I decided to use QIIME2 for this. So I imported both FASTA and FASTQ files to the required format for QIIME2 (qza artifact).
- Command to import the FASTQ files to QZA:
qiime tools import \
--type 'SampleData[PairedEndSequencesWithQuality]' \
--input-path manifest_file.tsv \
--output-path query_sequences.qza \
--input-format PairedEndFastqManifestPhred33V2
- Command to import the FASTA files to QZA:
qiime tools import --input-path reference_sequences.fasta --output-path reference_sequences.qza --type 'FeatureData[Sequence]'
The problem comes when I run the command to filter the query sequences:
qiime quality-control exclude-seqs \
--i-query-sequences query_sequences.qza \
--i-reference-sequences reference_sequences.qza \
--p-method blast \
--p-perc-identity 0.90 \
--p-perc-query-aligned 0.90 \
--o-sequence-hits hits.qza \
--o-sequence-misses misses.qza
This command gave the following error:
(1/1) Invalid value for '--i-query-sequences': Expected an artifact of at
least type FeatureData[Sequence]. An artifact of type
SampleData[PairedEndSequencesWithQuality] was provided.

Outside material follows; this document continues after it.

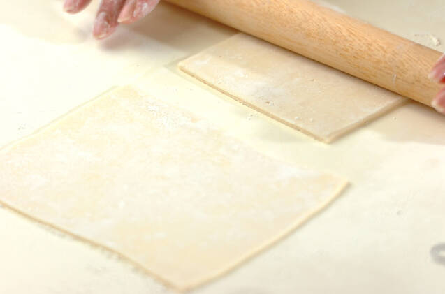 冷凍パイシートは常温にだし、少し柔らかくなったら半分に切る。薄力粉を薄く振り、倍くらいの大きさにめん棒でのばす。ママレードはキルシュで柔らかくのばす。
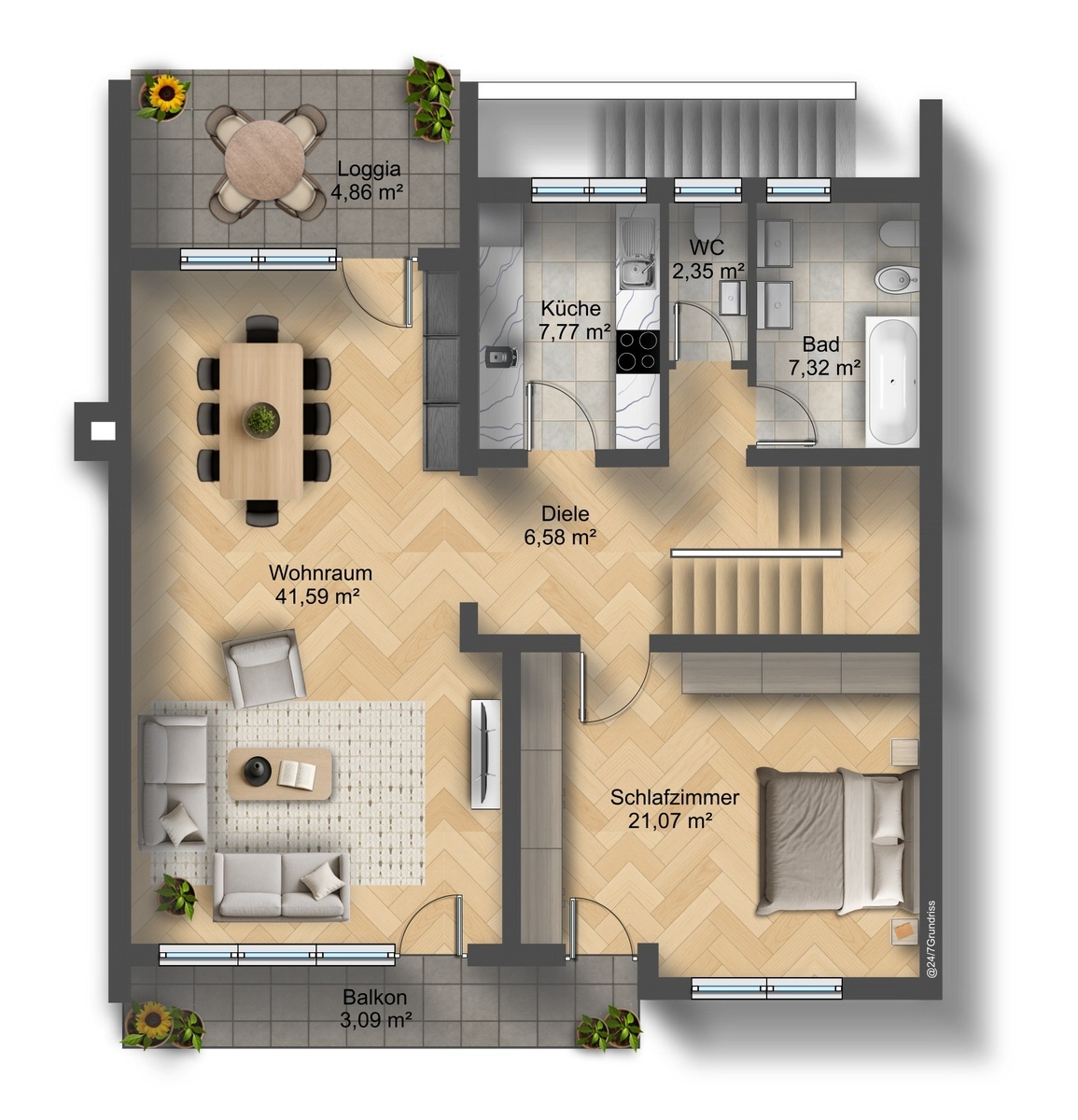 | Provision | 3,57 % Käuferprovision inkl. MwSt., verdient und fällig mit Beurkundung des notariellen Kaufvertrages. Der Immobilienmakler hat einen provisionspflichtigen Maklervertrag mit dem Verkäufer in gleicher Höhe abgeschlossen. |

The type SampleData[PairedEndSequencesWithQuality]
is the one used to import the FASTQ to QZA and the typeFeatureData[Sequence]
is the one used to import the FASTA to QZA.
Is there a way to use qiime quality-control exclude-seqs
directly with the FASTQ files?
Thank you very much.
According to the documentation: "The exclude-seqs method aligns a set of query sequences contained in a FeatureData[Sequence] file against a set of reference sequences." Both artifacts should be fasta files, one with the features, the second one with the reference, both with the type FeatureData[Sequence].